U.S. Auto Sales Head Toward Records as Carmakers Pour On DealsDavid Welch
Industry boosted incentives by 6% in November, TrueCar says
Competition pulls year-end discounting ahead from December
Automakers, already poised to break U.S. sales records for both November and the year in a strengthening economy, are leaving nothing to chance: They’re boosting rebates and other deals in an effort to swipe market share from rivals.
Aided by offers ranging from zero-percent financing and rebates to Ford Motor Co.’s Friends & Neighbors discounts, the carmakers spent 6 percent more this month on incentives than they did a year ago, according to TrueCar Inc., a vehicle pricing research firm. The annualized sales pace for November may reach 18.2 million cars and light trucks, according to the average of 12 analysts’ estimates compiled by Bloomberg.
Why the spendthrift marketing? Automakers, like retailers, have started kicking off their year-end holiday sales in November. Traditionally, December has been the time to buy a new vehicle. Now, with carmakers trying to steal buyers from each other, they have started their offers a month early.
“It used be that the time to buy was between Christmas and New Year’s: Everything was on sale; people were off,” said Jeremy Anwyl, an independent auto-industry consultant in Las Vegas. “It wouldn’t be a bad thing if we pulled our foot off the gas and let sales slow down a little bit because it’s getting expensive to keep them where they’re at.”

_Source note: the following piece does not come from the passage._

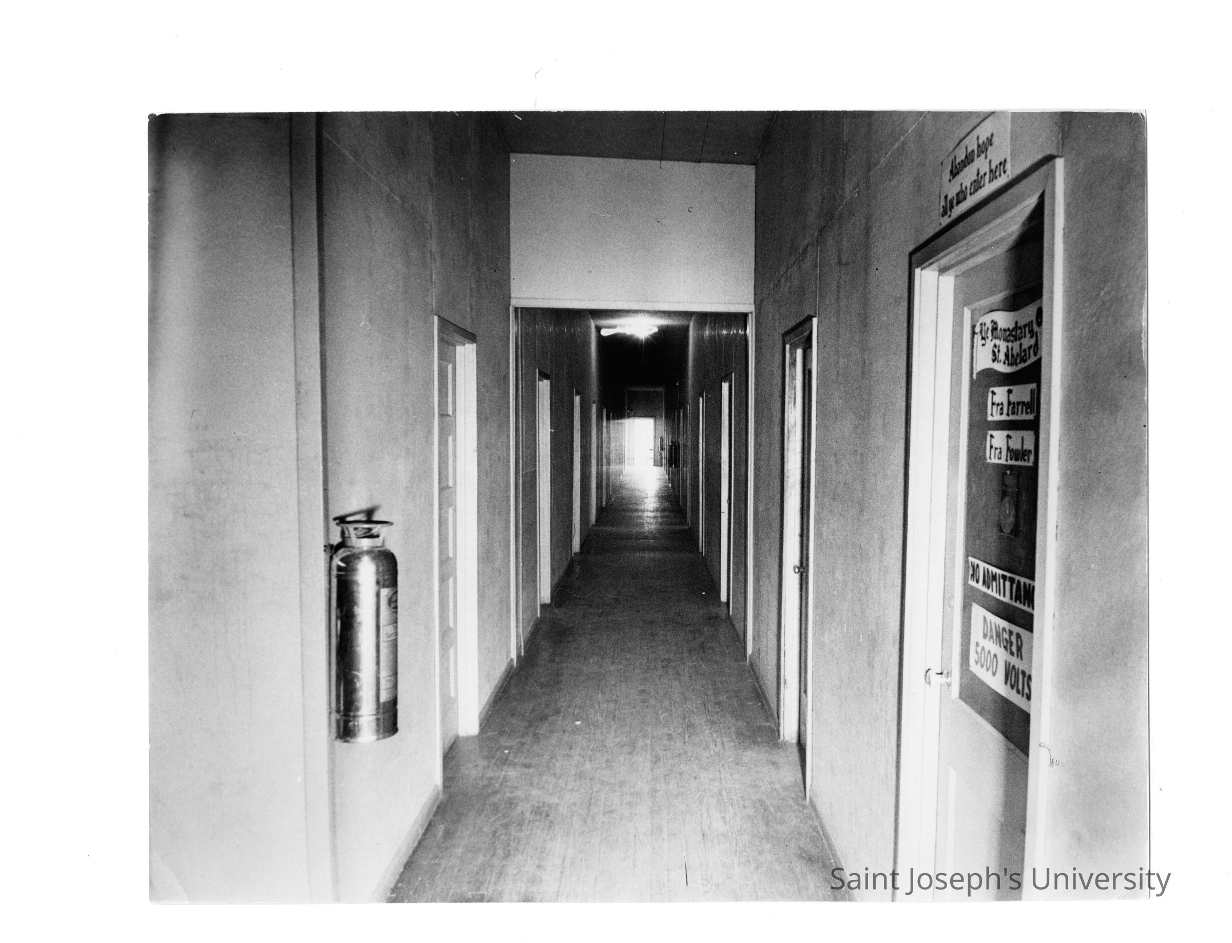 View of hallway in veterans' barracks. Barrracks located near Cardboard College also known as Barbelin Annex.

When automakers report monthly sales Tuesday, the industry may show a decline in total vehicle sales of 1.6 percent, according to an average of five analyst estimates. That is mostly because there were two fewer selling days than a year ago. The forecast includes gains of 2.9 percent for General Motors Co. and 3.2 percent for both Ford and Fiat Chrysler Automobiles NV.
Consumers were buying cars at a fast rate even before the deals started coming, but the November rebate spree has clearly helped. The lowest estimate for the annualized sales rate, from research firm LMC Automotive, is for 17.7 million vehicles, which would still be a record for the month. With a strong second half, full-year auto sales are on pace to either match or beat the record of 17.4 million vehicles set in 2000, said Eric Lyman, TrueCar’s vice president of industry insights.
Automakers are getting help from the U.S. economy. Employers may have added 200,000 jobs in November after a payroll gain of 271,000 in October that was the biggest this year, according to the average estimate in a Bloomberg survey of economists. The Commerce Department last week said the economy grew at a faster pace in the third quarter than previously reported. Investors have raised to about 72 percent the probability of an interest rate increase by Federal Reserve policy makers in December, the federal funds futures market shows.
One reason automakers are being so aggressive anyway is that industry forecasts now indicate sales may start to peak next year or in 2017. The manufacturers want to grab as much market share as possible now, Lyman said.
“We could be seeing the last big push by carmakers before the market softens,” Lyman said. “It’s a case of automakers making hay while the sun shines.”
While there’s little doubt that the industry would be having a great year even without incentives, carmakers are getting more competitive with offers, said Alan Batey, president of GM North America.
GM raised its average incentive per vehicle 6 percent in November, in line with the industry’s increase, according to TrueCar. Other increases from a year earlier included 14 percent for Toyota Motor Corp., which has deals including zero-percent financing on its Camry sedan, and 13 percent each for Hyundai Motor Co. and Fiat Chrysler, TrueCar said.
The industry average in November was more than $3,000 a vehicle, according to TrueCar.
“There are still many old cars on the road so there will be continued strong demand,” Batey said in an interview at the Los Angeles Auto Show. “We want to maintain discipline but some competitors have dialed incentives up.”
Automakers have another reason to boost deal spending: While pickups and sport utility vehicles are in demand, cars aren’t selling because gasoline is cheap. So the companies need to spend a bit more to keep deliveries of the more fuel-efficient vehicles going. BMW AG’s Mini brand has advertised $2,000 rebates.
Ford kicked off the year-end market-share competition with its Friends & Neighbors promotion, which offers as much as $2,000 on top of other incentives. The program started Nov. 3 and runs until Jan. 4. Other companies have also been spending.
“We as an industry learned a lot of tough lessons during the Lehman Brothers shock and the years that came after that,” said Fred Diaz, senior vice president of sales for Nissan Motor Co.’s North American unit. “I like to believe that as an industry, we’re not going to allow things to get to the level of epic incentives that we used to have back then. But of course the market is competitive, the market is growing and everyone wants their fair share -- or unfair share -- of the pie.”